### Material provided ###

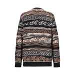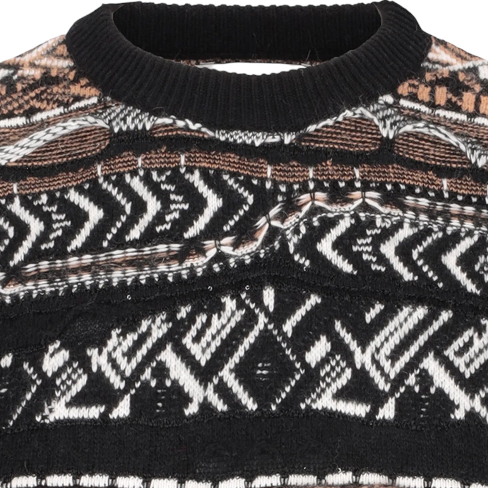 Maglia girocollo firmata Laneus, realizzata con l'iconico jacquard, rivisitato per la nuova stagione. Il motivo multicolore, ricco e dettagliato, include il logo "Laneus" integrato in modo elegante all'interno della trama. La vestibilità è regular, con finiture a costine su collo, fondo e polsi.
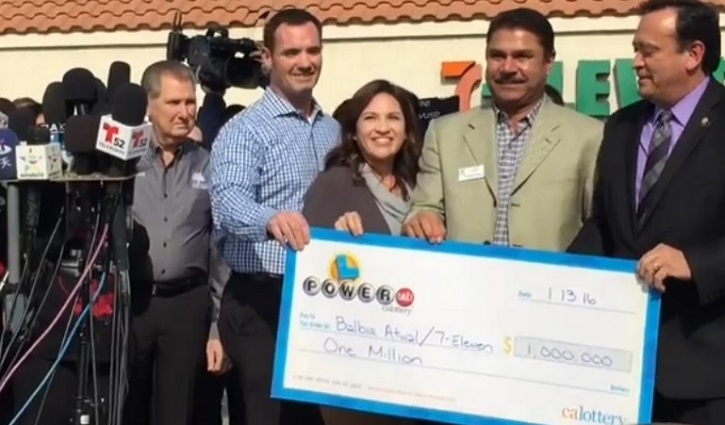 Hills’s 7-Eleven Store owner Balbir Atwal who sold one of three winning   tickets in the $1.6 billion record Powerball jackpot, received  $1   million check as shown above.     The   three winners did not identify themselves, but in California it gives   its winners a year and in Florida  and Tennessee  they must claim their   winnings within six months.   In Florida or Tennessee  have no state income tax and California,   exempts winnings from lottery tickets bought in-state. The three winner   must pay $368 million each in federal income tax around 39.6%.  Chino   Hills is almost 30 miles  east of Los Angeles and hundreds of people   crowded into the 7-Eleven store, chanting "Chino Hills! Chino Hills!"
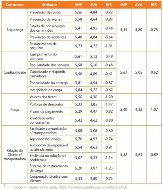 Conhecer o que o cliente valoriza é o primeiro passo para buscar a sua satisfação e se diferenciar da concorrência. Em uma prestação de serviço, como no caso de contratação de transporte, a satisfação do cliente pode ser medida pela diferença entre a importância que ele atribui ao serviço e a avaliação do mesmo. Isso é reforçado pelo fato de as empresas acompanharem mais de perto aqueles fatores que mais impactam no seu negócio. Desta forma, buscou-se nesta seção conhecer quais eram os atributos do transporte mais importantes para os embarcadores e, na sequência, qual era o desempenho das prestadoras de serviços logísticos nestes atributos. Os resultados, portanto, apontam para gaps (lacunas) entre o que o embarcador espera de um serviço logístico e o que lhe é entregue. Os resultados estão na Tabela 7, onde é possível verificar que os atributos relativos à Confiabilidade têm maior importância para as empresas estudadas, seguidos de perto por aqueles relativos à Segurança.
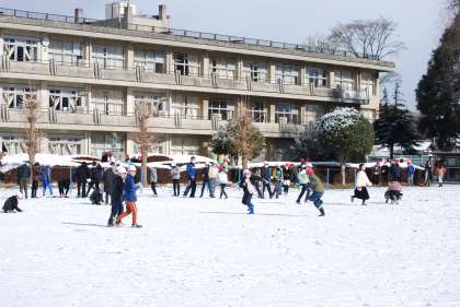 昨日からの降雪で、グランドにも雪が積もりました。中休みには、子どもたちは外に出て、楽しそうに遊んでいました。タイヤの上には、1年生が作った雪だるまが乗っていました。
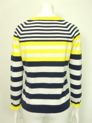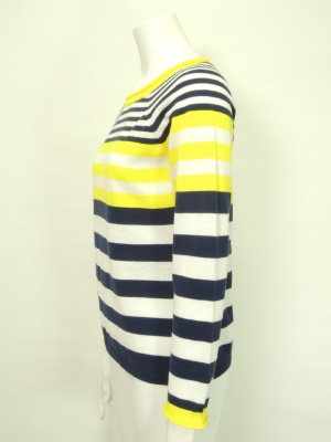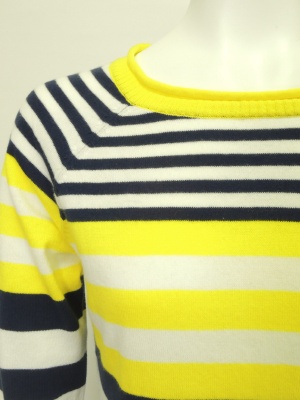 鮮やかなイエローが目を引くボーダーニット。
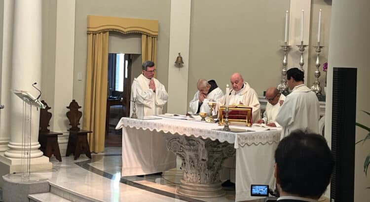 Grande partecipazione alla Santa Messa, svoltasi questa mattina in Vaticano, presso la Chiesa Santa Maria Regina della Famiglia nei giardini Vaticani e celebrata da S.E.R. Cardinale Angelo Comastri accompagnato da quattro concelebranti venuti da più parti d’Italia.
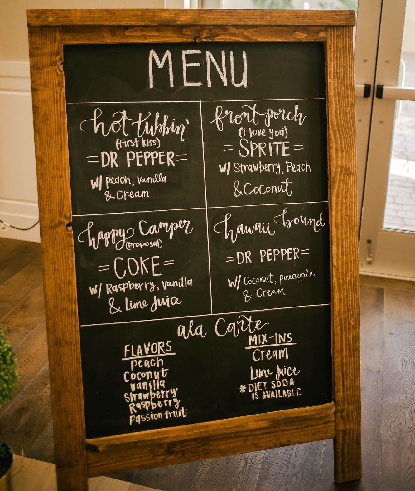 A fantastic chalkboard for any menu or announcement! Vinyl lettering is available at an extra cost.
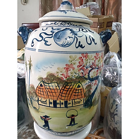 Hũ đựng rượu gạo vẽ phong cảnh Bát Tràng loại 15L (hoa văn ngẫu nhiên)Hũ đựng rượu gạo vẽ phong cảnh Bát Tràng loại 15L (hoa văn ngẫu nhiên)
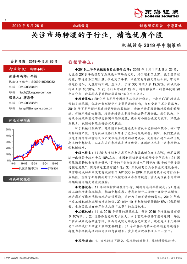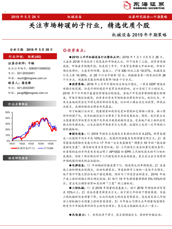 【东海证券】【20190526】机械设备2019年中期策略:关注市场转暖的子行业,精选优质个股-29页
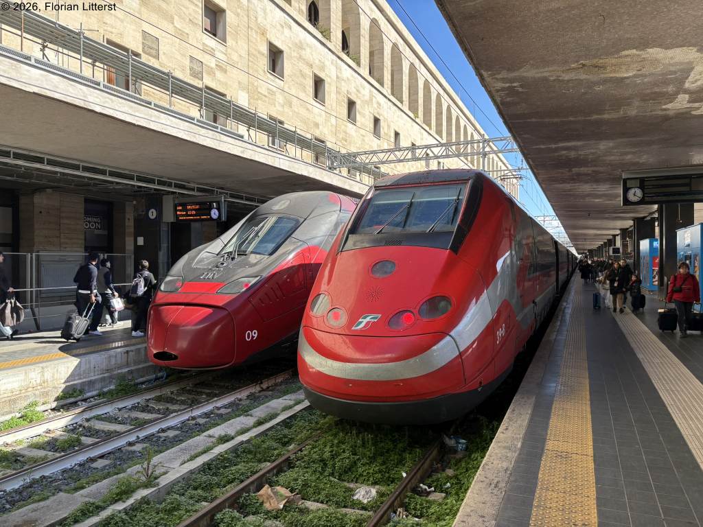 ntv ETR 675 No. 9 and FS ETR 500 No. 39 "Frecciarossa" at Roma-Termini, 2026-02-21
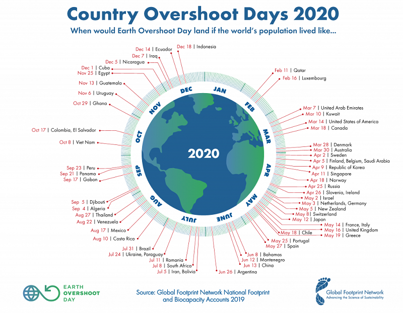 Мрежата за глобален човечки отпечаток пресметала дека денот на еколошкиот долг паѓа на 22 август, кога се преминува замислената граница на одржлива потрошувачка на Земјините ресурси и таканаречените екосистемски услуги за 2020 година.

###

In the reply, give again exactly the lines from the beginning of the entries above through the line with "鮮やかなイエローが目を引くボーダーニット。"; pictures stay out.

**Output for this exercise**
 Maglia girocollo firmata Laneus, realizzata con l'iconico jacquard, rivisitato per la nuova stagione. Il motivo multicolore, ricco e dettagliato, include il logo "Laneus" integrato in modo elegante all'interno della trama. La vestibilità è regular, con finiture a costine su collo, fondo e polsi.
 Hills’s 7-Eleven Store owner Balbir Atwal who sold one of three winning   tickets in the $1.6 billion record Powerball jackpot, received  $1   million check as shown above.     The   three winners did not identify themselves, but in California it gives   its winners a year and in Florida  and Tennessee  they must claim their   winnings within six months.   In Florida or Tennessee  have no state income tax and California,   exempts winnings from lottery tickets bought in-state. The three winner   must pay $368 million each in federal income tax around 39.6%.  Chino   Hills is almost 30 miles  east of Los Angeles and hundreds of people   crowded into the 7-Eleven store, chanting "Chino Hills! Chino Hills!"
 Conhecer o que o cliente valoriza é o primeiro passo para buscar a sua satisfação e se diferenciar da concorrência. Em uma prestação de serviço, como no caso de contratação de transporte, a satisfação do cliente pode ser medida pela diferença entre a importância que ele atribui ao serviço e a avaliação do mesmo. Isso é reforçado pelo fato de as empresas acompanharem mais de perto aqueles fatores que mais impactam no seu negócio. Desta forma, buscou-se nesta seção conhecer quais eram os atributos do transporte mais importantes para os embarcadores e, na sequência, qual era o desempenho das prestadoras de serviços logísticos nestes atributos. Os resultados, portanto, apontam para gaps (lacunas) entre o que o embarcador espera de um serviço logístico e o que lhe é entregue. Os resultados estão na Tabela 7, onde é possível verificar que os atributos relativos à Confiabilidade têm maior importância para as empresas estudadas, seguidos de perto por aqueles relativos à Segurança.
 昨日からの降雪で、グランドにも雪が積もりました。中休みには、子どもたちは外に出て、楽しそうに遊んでいました。タイヤの上には、1年生が作った雪だるまが乗っていました。
 鮮やかなイエローが目を引くボーダーニット。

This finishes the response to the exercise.